2026年2月は、2カ月に一度の年金支給月でした。ご自身の通帳に記載された金額を確認し、これからの生活について考えを巡らせた方も多いのではないでしょうか。
「自分の年金受給額は、他の人と比べて多いのか、それとも少ないのか」「この先、本当に年金だけで生活していけるのだろうか」といった疑問や不安は、多くの方に共通する悩みかもしれません。
この記事では、2026年度の最新の年金額改定の内容をはじめ、国民年金と厚生年金の平均的な受給額、さらに年金で暮らすシニア世帯のリアルな家計収支まで、気になるお金の情報を公的なデータに基づいて詳しく解説します。
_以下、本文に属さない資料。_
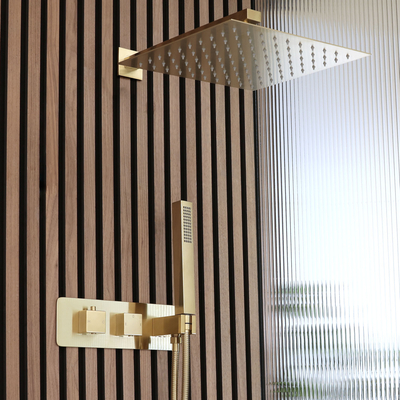 Idéal pour une salle de bain contemporaine, le mitigeur de douche thermostatique Lyra avec douchette et pommeau carré de 30 cm présente des lignes épurées et une finition or satiné durable. Le mitigeur en laiton massif dispose d’une sécurité anti-brûlures pour assurer une expérience de douche sûre et confortable. Les commandes carrées permettent un contrôle facile du débit et de la température d’eau. Fabriqué en acier inoxydable, le pommeau diffuse un tomber de l’eau en pluie rafraîchissant. Il est fourni avec un bras mural en laiton. Caractéristiques de la douche thermostatique Lyra: Design contemporain à finition or satiné – parfait pour les salles de bains modernes Pommeau de douche carré de 30 cm en acier inoxydable anticorrosif Douchette en ABS durable avec flexible de 1m 75 Contrôle thermostatique pour éviter les fluctuations et les extrêmes de température Commandes carrées facile à utiliser Mitigeur en laiton avec disques en céramique pour prévenir les fuites et les égouttements Sécurité...

ご自身の状況と照らし合わせながら、今後のライフプランを考える上での参考にしていただければ幸いです。
1. 日本の公的年金、その基本となる「2階建て構造」とは?
はじめに、日本の公的年金のしくみについて基本的な部分から解説します。
日本の公的年金制度は、基礎部分である「国民年金」と、その上乗せ部分にあたる「厚生年金」で構成されており、一般的に「2階建て構造」と呼ばれています。下の図を見ると、そのイメージがつかみやすいでしょう。
1階部分の国民年金には、原則として「日本国内に住む20歳以上60歳未満のすべての人」が加入します。国民年金保険料(※1)は、所得にかかわらず全員が一律の金額です。
2階部分の厚生年金には、会社員や公務員など、企業や官公庁で働く方が加入します。こちらは毎月の給与や賞与の金額に応じた年金保険料(※2)を納めるため、将来の受給額に個人差が生まれるのが特徴です。
では、将来受け取れる「年金額」は、具体的にどのように決まるのでしょうか。
国民年金の場合、保険料を全期間(480カ月)納付すると、65歳から満額(※3)の老齢基礎年金を受け取ることができます。もし保険料の未納期間などがあれば、その月数に応じて満額から減額されるしくみです。
一方、厚生年金の場合は、「年金加入月数」と「現役時代に納めた保険料の総額」に応じて老齢厚生年金額が決定します。一般的には、加入期間が長く、収入が多かった人ほど多くの年金を受け取れることになります。
※1 国民年金保険料:2025年度は月額1万7510円です。
※2 保険料額は標準報酬月額(上限65万円)、標準賞与額(上限150万円)に保険料率をかけて計算されます。
※3 国民年金の満額:2025年度は月額6万9308円です。